Иван Лазутин - Бабкин лазарет
После успешного прорыва, когда силы обоих фронтов перешли в стремительное наступление, наша гвардейская бригада поддерживала своими залпами наступающие войска. В один из жарких дней июля (в это время мы были уже на земле Западной Украины с ее хуторами и нетронутыми полями) ко мне подошел парторг батареи старшина Ольков и пригласил меня на беседу. Наш дивизион в этот день дислоцировался в лесу. Боевые машины были надежно замаскированы, над нами цвело, сияло голубое украинское небо. Уединившись на крохотной поляне, мы присели, закурили, и потекла неторопливая беседа. Старшина расспрашивал меня о семье, о братьях. Старший мой брат, офицер разведки, уже сложил голову на древней земле новгородской и похоронен в центре города Шимска, на площади перед разбитым вокзалом, на берегу реки Шелонь, что впадает в Ильмень-озеро.
Парторгу было лет около тридцати. Было в его лице, в разрезе черных глаз что-то монгольское, восточное, хотя и имя, и фамилия, и отчество — все было славянское. И нам, попавшим на войну в восемнадцать-девятнадцать лет, казалось, что те, кому уже под тридцать, старые люди. Это сейчас, когда подступивший шестой десяток не только посеребрил виски, но и поземкой прошелся по всей редеющей шевелюре, о которую в былые годы ломались расчески, видишь, как еще молоды те, кому под тридцать и даже сорок. А тогда нам, наивным, целомудренным, пока еще не успевшим поцеловать свою тайную любовь, казалось: если мужчина женат, да у него к тому же есть сын или дочь, то это уже дядя почтенного возраста.
Вот таким уже «пожилым» человеком, который брился каждое утро, казался нам парторг батареи. Речь его была степенная, неторопливая, только в черных глазах, где-то в глубине зрачков, нет-нет да и вспыхивали огоньки характера волевого и сильного.

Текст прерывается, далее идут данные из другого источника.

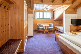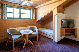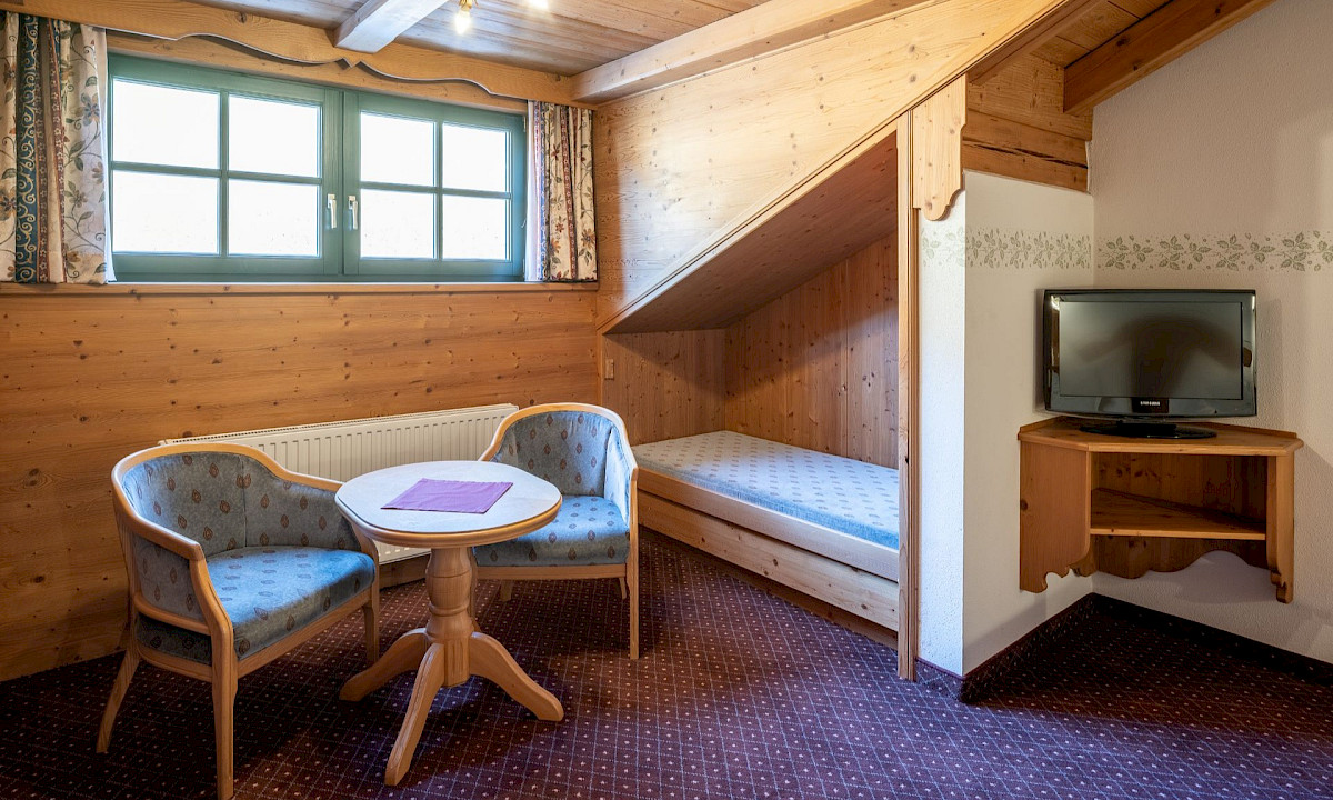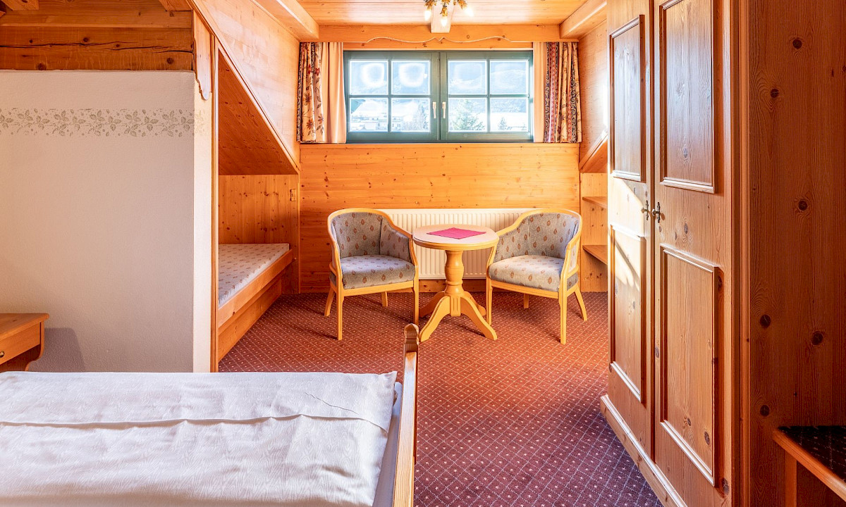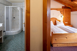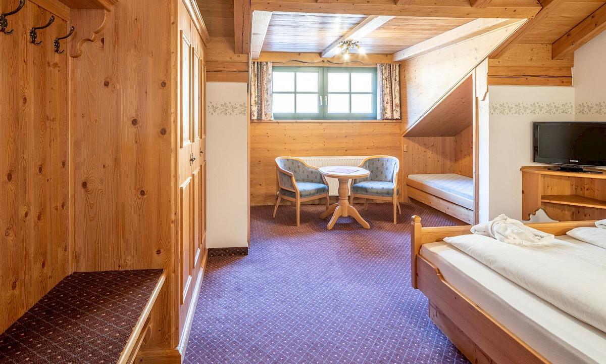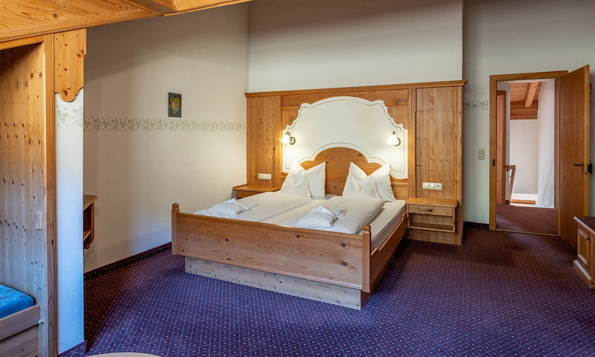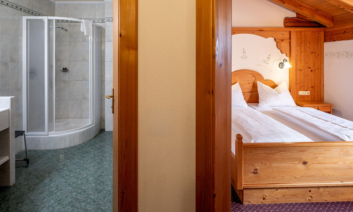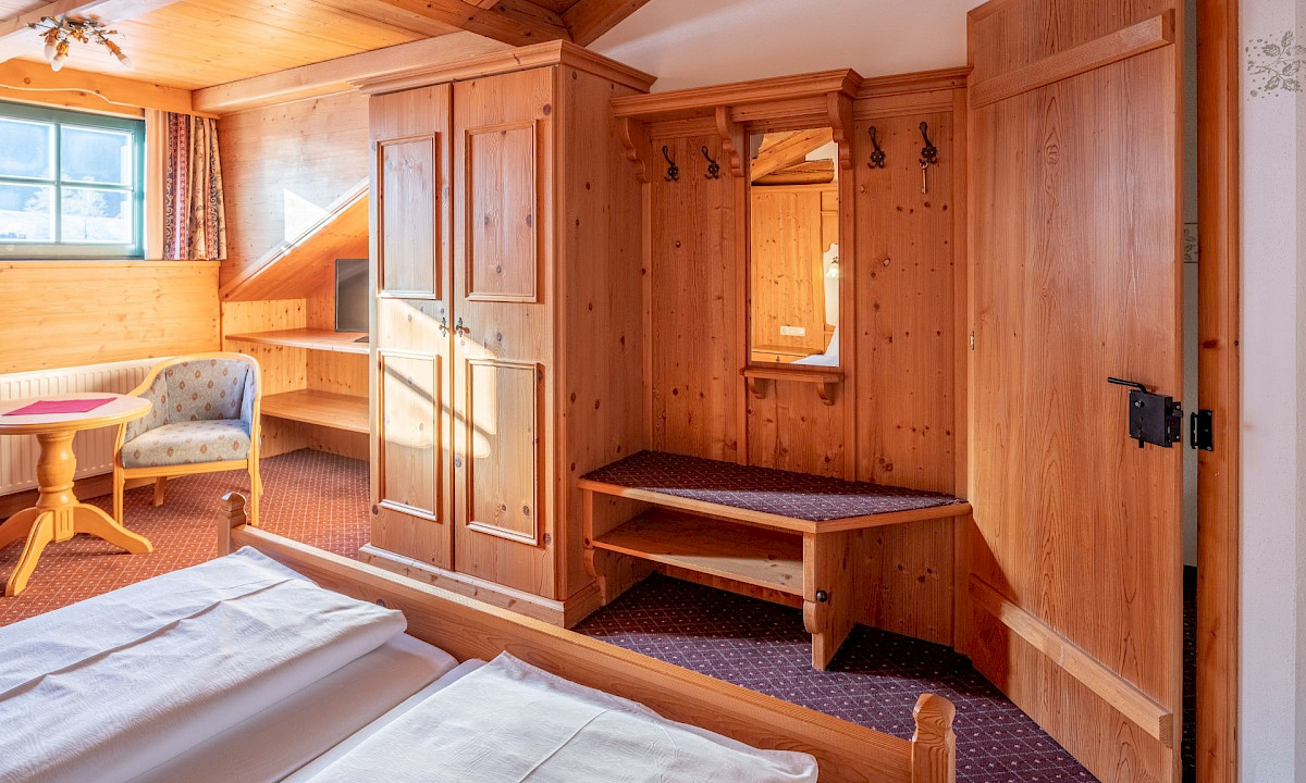 Das großzügige Doppelzimmer im Ansitz mit 30 m² befindet sich im Dachgeschoss und begeistert mit Raum und Flair.
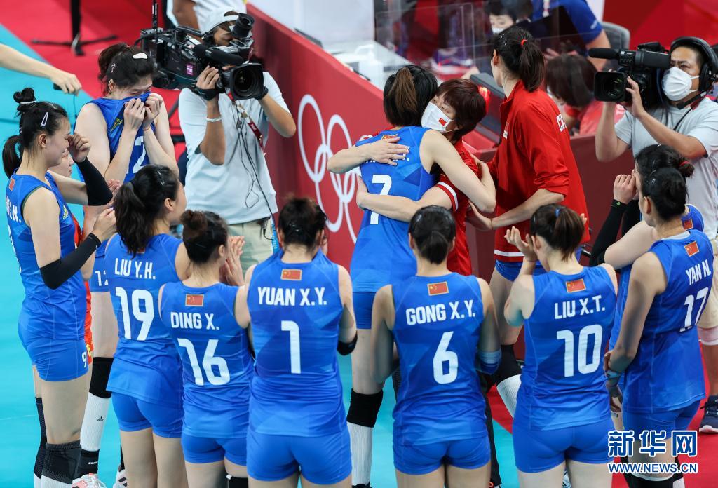8月2日,中国队主教练郎平在最后一场小组赛后与队员一一拥抱。新华社记者 丁汀 摄

Старшина предложил мне рекомендацию в партию. В первую минуту я даже растерялся. В свои двадцать лет пока еще не думал о вступлении в партию, все считал себя еще слишком молодым, не подготовленным для такого ответственного и серьезного шага. Но парторг несколькими словами погасил мое смущение:
— Ну и что из того, что ты еще не совершил подвига? Я тоже пока еще не совершил, а вот парторг батареи. И вообще, дружище, ты сам знаешь, в каком роде войск воюешь. Врукопашную мы не ходим, в бойницы амбразур нам с тобой, пожалуй, гранату бросать не придется. Но ты видел, как ликует пехота, когда она на рассвете подтягивается мимо наших заряженных «катюш» к передовым окопам, чтобы сразу же после наших залпов броситься во вражеские окопы?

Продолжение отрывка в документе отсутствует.